Here’s a letter to the New York Times:
Paul Krugman is correct that public debt does not necessarily harm an economy (“Nobody Understands Debt,” Jan. 2). (No respected economist has ever said otherwise.) Mr. Krugman errs, however, by citing this fact as evidence for the mistaken conclusion that public debt held by fellow citizens is largely costless for the economy as a whole because it’s “money we owe to ourselves.”
When government spends money, resources that would otherwise have been used to produce valuable private-sector outputs are instead used to produce public-sector outputs. The values of these foregone private-sector outputs are a genuine cost of government projects regardless of government’s funding method, regardless of the merits of the government projects, and regardless of the nationalities of government’s creditors. And the private-sector outputs that are never produced because resources are instead used to produce public-sector outputs do not miraculously appear – they are not miraculously ‘unforegone’ – simply because the obligation to pay for public-sector outputs is deferred to the future or because the holders of the debt instruments are citizens of the same country as the taxpayers.
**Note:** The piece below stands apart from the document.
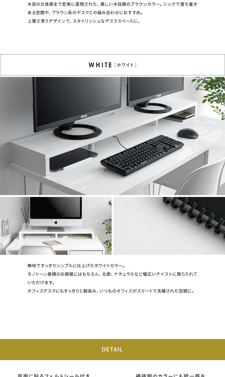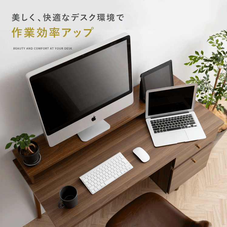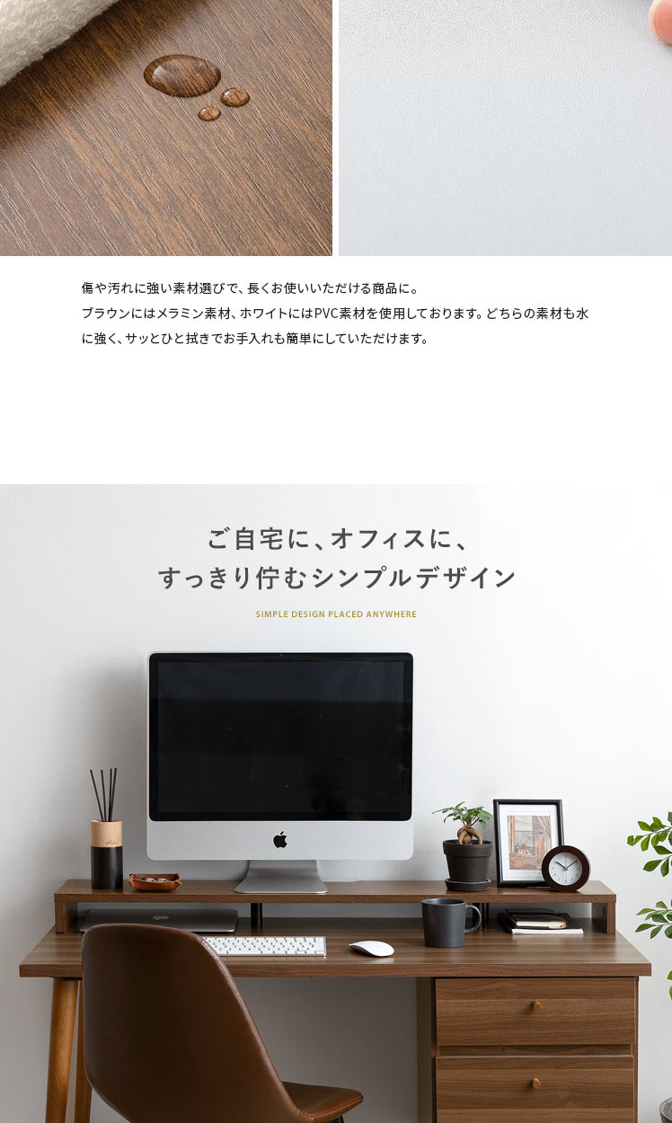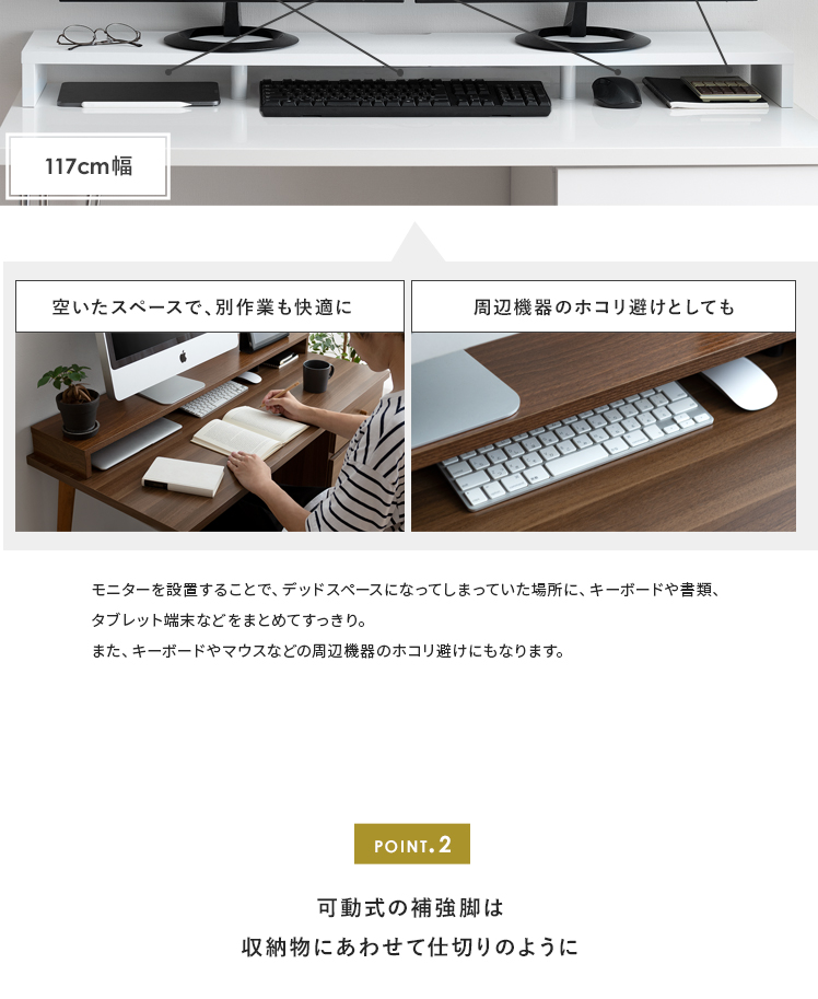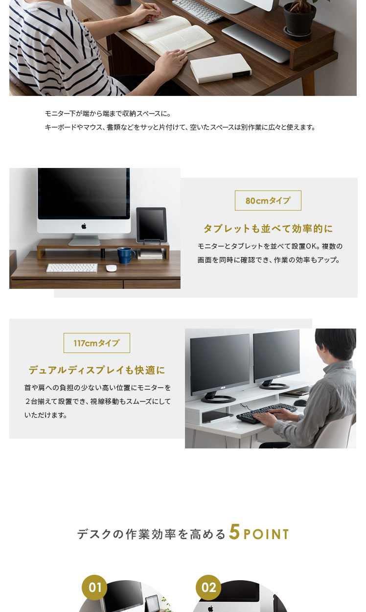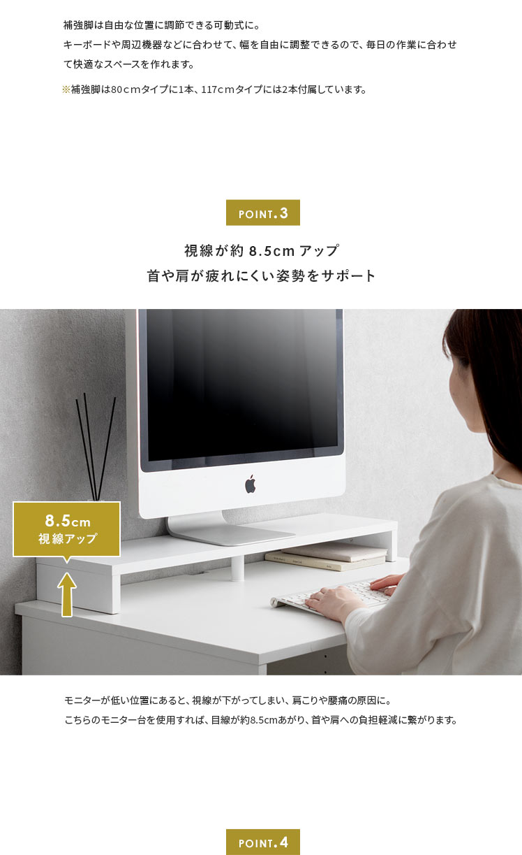 80cm幅デスク対応モニタースタンド KIRK〔カーク〕/デスクを最大限に活用できるモニター台。モニター下の空間を有効活用して、キーボードやタブレット、書類などをすっきり整理していただけます。また、モニターの設置位置を高くすることで視線が上がり首や肩への負担を軽減する効果も。すっきり美しく、快適性にもこだわった、作業効率の高まるデスク環境づくりを。

The argument in the above paragraph isn’t unique: it is elaborated in great detail in many of the works on public finance by another Nobel laureate economist, James Buchanan.* It’s discouraging that Mr. Krugman seems to be unfamiliar with Buchanan’s contributions.
Sincerely,
Donald J. Boudreaux
Professor of Economics
George Mason University
Fairfax, VA 22030* Most famously, James M. Buchanan, Public Principles of Public Debt.
(Anticipating an objection: note that Krugman’s argument here does not depend upon the existence – the alleged costlessness – of large stocks of unemployed resources.)
I would think that, were he actually to read Buchanan’s work on this topic, Krugman would be embarrassed by his (Krugman’s) falling for the “we owe it to ourselves” myth.